New research may give winter campers like me some hope that those cold outings may be of benefit in an unusual way.

According to a study published in “Current Biology” by the Sleep and Chronobiology Lab at the University of Colorado, sleeping outside is a good way to reset your restless winter internal clock.

Summer sun

In a previous study the lab’s Kenneth Wright found that exposure to electrical lighting delays our internal clocks by about two hours a day. When his study subjects spent a week in the summer sun, their internal clocks reset, sending people to bed earlier although they still slept about the same amount of time.

The way the scientists measured this change was by fluctuations in the body’s production of the hormone melatonin. When it is dark outside, or inside, our bodies produce melatonin, signaling it’s time to go to sleep. Just the opposite is true, also: Light signals our bodies to produce less melatonin so we wake up. Some people take melatonin in pill form to help them sleep.
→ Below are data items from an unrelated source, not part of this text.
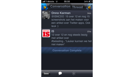 Twitterrific maakt een 'gesprek' tussen mensen overzichtelijk.
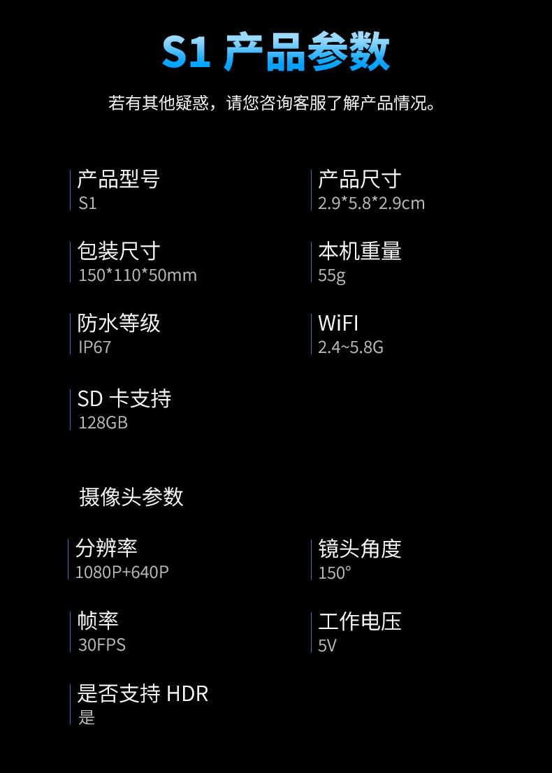 📦 | 1080p+480p+rearview mirror bracket+usb power supply | S1 | ¥108.0 / ≈ 1 315 ₽ | 1000 | 6149528599295 | |
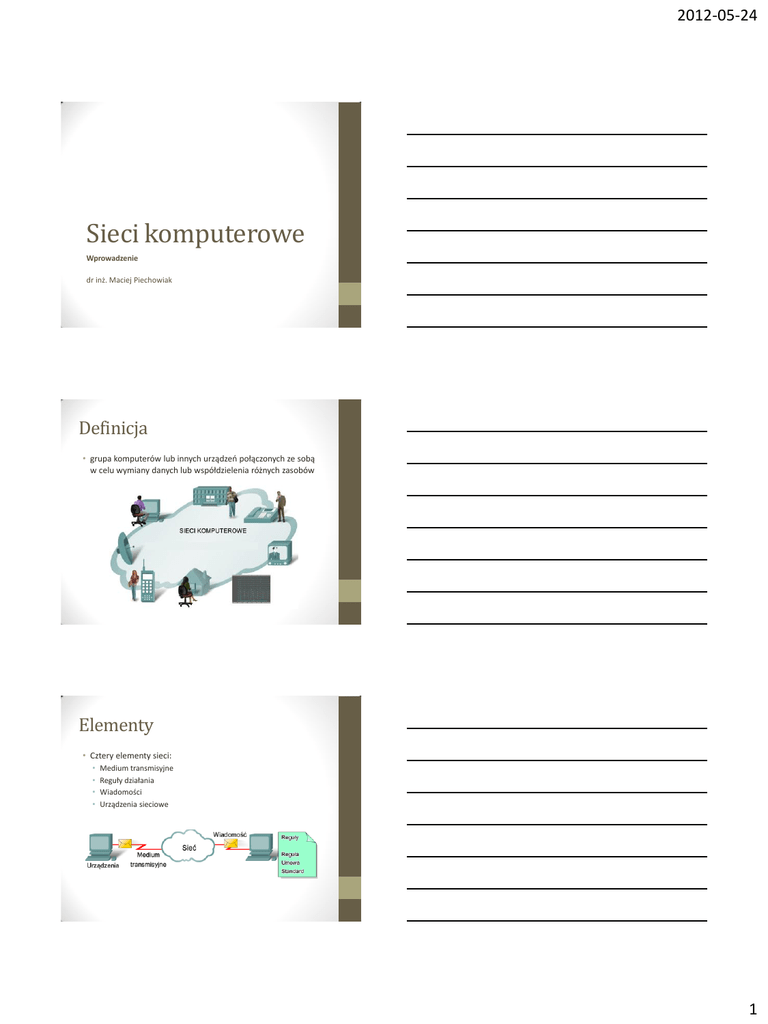 2012-05-24 Sieci komputerowe Wprowadzenie dr inż. Maciej Piechowiak Definicja • grupa komputerów lub innych urządzeń połączonych ze sobą w celu wymiany danych lub współdzielenia różnych zasobów Elementy • Cztery elementy sieci: • • • • Medium transmisyjne Reguły działania Wiadomości Urządzenia sieciowe 1 2012-05-24 Urządzenia sieciowe Połączenia sieciowe Reguły 2 2012-05-24 Topologie sieci Topologie fizyczne: Topologie logiczne: - rozgłaszanie - przekazywanie tokenu Sieci telekomunikacyjne Sieci telekomunikacyjne sieci telefoniczne sieci komputerowe 3 2012-05-24 Sieci konwergentne • Przepływ głosu, wideo i danych w jednej sieci eliminuje potrzebę tworzenia i zarządzania oddzielnymi sieciami Architektura sieci • Tolerancja błędu – ograniczenie zasięgu błędu lub uszkodzenia (połączenia nadmiarowe) Architektura sieci • Skalowalność – dzięki hierarchicznemu, warstwowemu projektowi infrastruktury fizycznej i architektury logicznej 4 2012-05-24 Architektura sieci • Jakość usług – wymagania w sieciach konwergentnych zmieniają sposób projektowania architektury sieciowej Architektura sieci • Bezpieczeństwo sieci – przy przesyłaniu krytycznych i poufnych danych Sieci połączeniowe • Przełączanie obwodów (duża ilość obwodów, przy dużym natężeniu połączeń nie wszystkie są realizowane) 5 2012-05-24 Sieci bezpołączeniowe • Przełączanie pakietów (duże opóźnienia przy dużym ruchu, dane zostaną dostarczone) Szerokość pasma • • • • • bps kbps Mbps Gbps Tbps Szerokość pasma 6 2012-05-24 Szerokość pasma Szerokość pasma Szerokość pasma Niektórymi spośród czynników mających wpływ na przepustowość są: • • • • • • • urządzenia sieciowe, typ przesyłanych danych, topologia sieci, liczba użytkowników sieci, komputer użytkownika, komputer pracujący jako serwer, warunki zasilania. Różnica: pasmo a przepływność !!! 7 2012-05-24 QoS QoS Tor komunikacyjny urządzenia sieciowe, media, usługi 8 2012-05-24 Urządzenia pośredniczące • Urządzenia pośredniczące: • urządzenia dostępowe (koncentratory, przełączniki, bezprzewodowe punkty dostępowe), • urządzenia łączące sieci (routery), • serwery komunikacyjne i modemy, • urządzenia zapewniające bezpieczeństwo (firewalle). Urządzenia pośredniczące • Procesy w urządzeniach pośredniczących: • regenerują i przekazują sygnały danych, • utrzymują informację o ścieżkach transmisyjnych istniejących w sieci i intersieci, • powiadamiają inne urządzenia o błędach i awariach w komunikacji, • kierują dane alternatywnymi ścieżkami w sytuacji awarii łączy, • klasyfikują i kierują wiadomości zgodnie z priorytetami QoS, • umożliwiają lub blokują przepływ danych, kierując się ustawieniami bezpieczeństwa. Podział sieci 9 2012-05-24 Internet vs intranet Protokoły sieciowe • Zestawy protokołów sieciowych opisują następujące procesy: • format lub strukturę wiadomości, • metodę wymiany informacji między urządzeniami sieciowymi po ścieżkach prowadzących do innych sieci, • W jaki sposób i kiedy urządzenia sieciowe wysyłają sobie informacje systemowe lub informacje o błędach, • nawiązywanie i kończenie sesji komunikacyjnych. Standardy protokołów 10 2012-05-24 Modele odniesienia Model OSI Model OSI 11 2012-05-24 Model OSI Model OSI • dzieli proces komunikacji sieciowej na mniejsze, łatwiejsze do zarządzania elementy składowe, • tworzy standardy składników sieci, dzięki czemu składniki te mogą być rozwijane i obsługiwane przez różnych producentów, • umożliwia wzajemną komunikację sprzętu i oprogramowania sieciowego różnych rodzajów, • zmiany wprowadzone w jednej warstwie nie dotyczą innych warstw, • dzieli proces komunikacji sieciowej na mniejsze składowe, co pozwala na łatwiejsze jego zrozumienie. Model TCP/IP 12 2012-05-24 Model TCP/IP Jednostki danych protokołu • Dane aplikacji przekazywane są w dół stosu protokołów, • Na każdym z poziomów protokoły dodają swoje informacje do momentu transmisji danych przez medium, • Ten proces powszechnie określa się jako enkapsulację. • Forma jaką przyjmują dane w każdej z warstw nazywana jest jednostką danych protokołu - PDU (ang. Protocol Data Unit), • Podczas enkapsulacji każda z kolejnych warstw enkapsuluje PDU, które otrzymała z wyższej warstwy zgodnie z użytym protokołem, • Na każdym kroku tego procesu, PDU przyjmuje inną nazwę aby odzwierciedlić nową formę, Jednostki danych protokołu • Dane - ogólne określenie dla PDU używane w warstwie aplikacji. • Segment - PDU warstwy transportowej. • Pakiet (ang. Packet) - PDU warstwy sieci. • Ramka (ang. Frame) - PDU warstwy dostępu do sieci. • Bity (ang. Bits) - PDU używane podczas fizycznej transmisji danych poprzez medium. 13 2012-05-24 Enkapsulacja Adresowanie Warstwa fizyczna - okablowanie 14

But what about in winter, especially in our northern regions, where days are considerably shorter and we sometimes slog to work in the dark and leave to go home in the darkness, as well? These short days can cut our exposure to sunlight by as much as 13 times the amount compared to what we get in the summer.


To see what would happen in winter, Wright sent a group of five people camping in Colorado close to the shortest day of the year and didn’t let them take any flashlights or cellphones to see how the change would affect their sleep and hormonal rhythms.

Just like in the summer, the winter campers went to bed about two hours earlier.

Wright and his colleagues also asked whether only camping for a weekend in the summer was enough to shift the human clock. It was. This time, they sent nine active people camping while another five stayed at home. A weekend spent camping prevented the typical weekend pattern of staying up late and sleeping in and prevented individuals’ circadian clocks from being shifted even later.

“Our findings demonstrate that living in our modern environments contributes to late circadian timing regardless of season and that a weekend camping trip can reset our clock rapidly,” Wright said in a press release.

So if you are looking for another excuse to spend time in the woods, you can now cite scientific findings as a good reason.

Wright also recommended increasing daytime exposure to sunlight and reducing nighttime exposure to electrical lighting as a way to stay in harmony with your body and nature. And he offered another solution that many of us office stowaways could probably relate to.

“Our findings highlight an opportunity for architectural design to bring in more natural sunlight into the modern built environment and to work with lighting companies to incorporate tunable lighting that would be able to change across the day and night to enhance performance, health, and well-being,” he said.

I don’t know about you, but more hours of sunshine can’t come soon enough for me.